Sí sí, claro, _falso amico_ está bien dicho en ámbito lingüístico.


----------



## Neuromante

Mariaano tiene razón. Se trata del final de una carta y las otras sugerencias quedarían fuera de lugar.


----------



## traduttrice

¡Muchas Gracias!


----------



## fochetta

*--->   Stessa espressione, nuova domanda  <--*
​
Gentili amici
sto traducendo un articolo sulle celebrazioni per il XXV anniversario della morte di mons. Oscar Romero.
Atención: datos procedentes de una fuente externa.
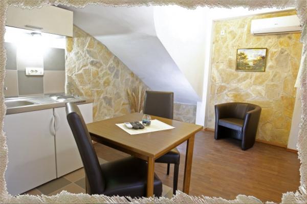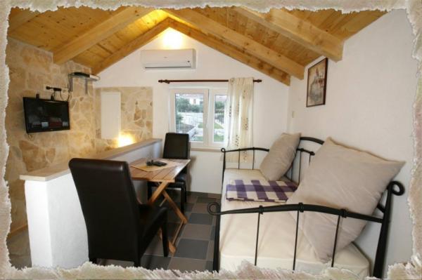 Celoten koncept naše počitniške hiše je zasnovan kot majhen, magično oazi. Nismo želeli, da material, ki kaže, ali smo narava hiše želel zasenčiti in spodkopavajo sijaj in sodobno tehnologijo. Zaradi zgodovine kraja, ki je stara več stoletij, zgodovina povedal, stene, če se le malo fit, je globoko zajel sapo in pustite, nam zaupajo, boste slišali, kaj govoriš in kaj hočeš povedati. Zaradi vseh teh okoliščin, smo želeli ohraniti prvotno duh kraja, hiše, imate prav toliko, kot ga potrebujete za udobno bivanje, na drugi strani pa vam je uspelo, da diha stari duh kraja, občutek vetrič, vonj morja, gozdov, skal in ruševin. Ker je vse Dalmacija, Seget in njen popoln malo nedotaknjen srca. Čar in Poseben čar lokacijo naših hiš je, da ste zaščiteni v strukturi vasi Okrug, ki leži med kvadratnih stolpov. In po le nekaj metrov preko likvidacije, staro, mestno ulico se znajdete v središču vasi, kjer so restavracije, kavarne, plaže, itd

Alla fine c'è questa frase:

"Que Monseñor –como le decimos sin más- nos traiga la deseada justicia tan necesaria en este pequeño país"

Traduzione 

"Che il Monsignore - come ormai lo chiamiamo - ci ottenga la desiderata giustizia tanto necessaria in questo piccolo paese.

Si tratta certo di un modo di dire molto diffuso, ma non l'ho trovato sul mio vocabolario. 
Grazie per l'aiuto.


----------



## Tomby

Attenzione questo non è una traduzione, è una indicazione: "_sin más_" esprime la idea che "tutto il mondo" lo chiama "Monsignore", unicamente così.
Spero di essere stato d’aiuto!
TT.


----------



## honeyheart

Secondo me significa che invece di chiamarlo "Monseñor Romero", lo chiamavano semplicemente "Monseñor" (come segno della confidenza che avevano con lui, credo).


----------



## gatogab

Tombatossals said:


> Attenzione questo non è una traduzione, è una indicazione: "_sin más_" esprime la idea che "tutto il mondo" lo chiama "Monsignore", unicamente così.
> Spero di essere stato d’aiuto!
> TT.


 


honeyheart said:


> Secondo me significa che invece di chiamarlo "Monseñor Romero", lo chiamavano semplicemente "Monseñor" (come segno della confidenza che avevano con lui, credo).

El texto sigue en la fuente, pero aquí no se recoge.